= Tutbury Priory =

Monastery in Staffordshire, England

Tutbury Priory was a Benedictine monastery in Tutbury, Staffordshire, England, founded in 1080 by Henry de Ferrers as a dependency of the abbey of Saint-Pierre-sur-Dives in Normandy and completed in 1089, in memory of King William the Conqueror and his wife Queen Matilda of Flanders, also of Henry de Ferrers' own parents, and in thanksgiving for his own family:
"in honour of holy Mary, the Mother of God ... and for the soul of King William and Queen Mathilda, and for the health of my father and mother, and my wife Berta, and my sons, Engenulph, William and Robert, and my daughters and all my ancestors and friends."

William, Earl of Derby, had the body of his great-grandfather, the founder of Tutbury, translated and buried on the south side of the high altar of the priory church.

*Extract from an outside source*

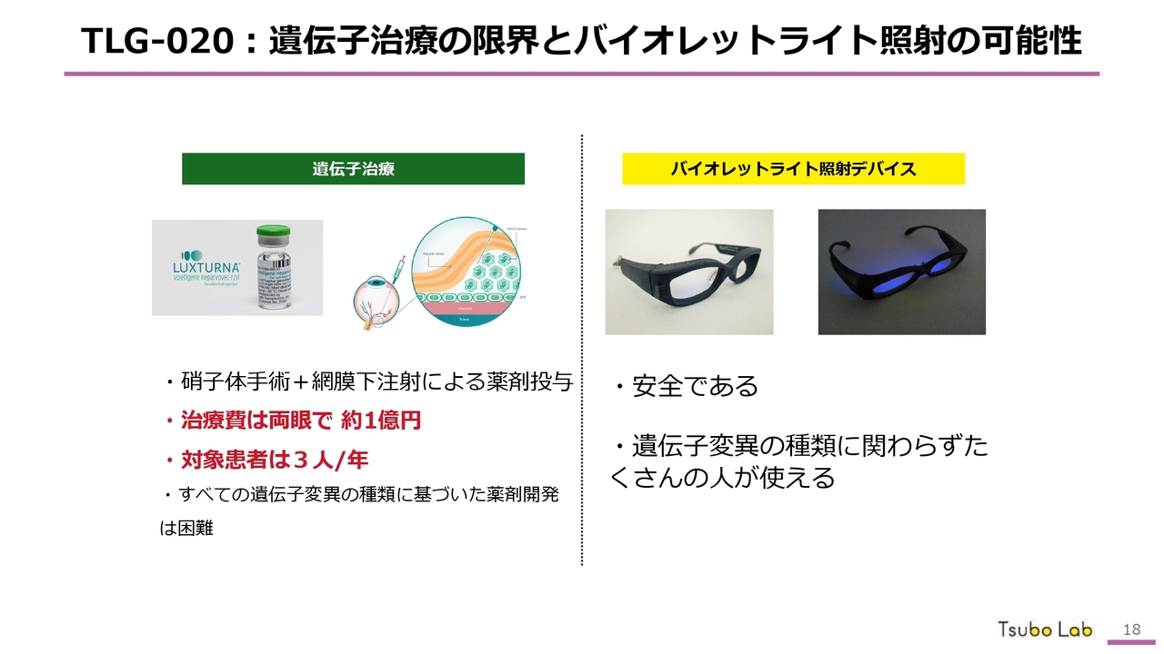 このような概念に基づき、当社では眼鏡および点眼薬を開発しています。「TLG-001」は、先ほどもお話ししましたバイオレットライト照射デバイスです。「TLM-023」は、新しく臨床研究のために準備している点眼薬です。

By an unusual set of administrative errors and procedures Tutbury avoided the confiscation of alien priories in 1414 without undergoing formal denization and continued until 1538, when was dissolved during the Reformation. The prior became vicar of Tutbury, and the western part of the priory church was retained as the parish church, St Mary's Church, Tutbury.

The church has a splendid, much admired Norman doorway and other carvings. Outside there is a very interesting sundial, but the stocks are a reproduction. The graveyard around the church provides reminders of the massive underground explosion at nearby Fauld in 1944, when 68 people died, including Italian prisoners of war.